▶ [Work to be completed]
In the entries that follow, find the line containing "3月18日,井冈山大学附属医"; from there, copy every line exactly through the line containing "3. DEA. ディア".
::: Record excerpts
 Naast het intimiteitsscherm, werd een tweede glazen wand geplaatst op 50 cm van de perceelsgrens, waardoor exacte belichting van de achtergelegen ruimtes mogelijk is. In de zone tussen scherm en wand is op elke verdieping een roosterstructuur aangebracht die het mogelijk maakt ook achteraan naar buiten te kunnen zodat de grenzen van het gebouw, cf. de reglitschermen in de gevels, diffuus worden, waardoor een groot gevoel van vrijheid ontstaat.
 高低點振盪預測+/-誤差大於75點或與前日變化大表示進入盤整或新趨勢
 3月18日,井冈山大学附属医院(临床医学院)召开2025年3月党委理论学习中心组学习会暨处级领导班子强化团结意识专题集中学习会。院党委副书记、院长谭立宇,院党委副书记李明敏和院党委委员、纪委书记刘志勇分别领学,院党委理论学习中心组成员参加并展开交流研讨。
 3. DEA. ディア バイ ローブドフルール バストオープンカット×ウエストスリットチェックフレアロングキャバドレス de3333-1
::::::
::: Record excerpts
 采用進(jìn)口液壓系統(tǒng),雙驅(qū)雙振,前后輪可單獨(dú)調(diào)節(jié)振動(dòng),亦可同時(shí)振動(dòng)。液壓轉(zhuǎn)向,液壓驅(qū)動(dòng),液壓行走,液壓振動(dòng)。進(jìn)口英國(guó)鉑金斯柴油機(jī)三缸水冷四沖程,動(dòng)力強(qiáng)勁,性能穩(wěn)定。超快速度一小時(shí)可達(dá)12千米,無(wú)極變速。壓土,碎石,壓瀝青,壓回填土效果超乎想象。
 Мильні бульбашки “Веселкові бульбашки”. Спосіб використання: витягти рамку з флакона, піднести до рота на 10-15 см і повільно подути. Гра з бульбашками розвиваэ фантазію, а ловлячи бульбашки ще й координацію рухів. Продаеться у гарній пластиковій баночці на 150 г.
::::::
::: Record excerpts
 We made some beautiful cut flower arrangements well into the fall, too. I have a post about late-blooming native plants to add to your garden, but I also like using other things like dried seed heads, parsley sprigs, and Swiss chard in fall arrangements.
::::::
▶ [Answer section]
 3月18日,井冈山大学附属医院(临床医学院)召开2025年3月党委理论学习中心组学习会暨处级领导班子强化团结意识专题集中学习会。院党委副书记、院长谭立宇,院党委副书记李明敏和院党委委员、纪委书记刘志勇分别领学,院党委理论学习中心组成员参加并展开交流研讨。
 3. DEA. ディア バイ ローブドフルール バストオープンカット×ウエストスリットチェックフレアロングキャバドレス de3333-1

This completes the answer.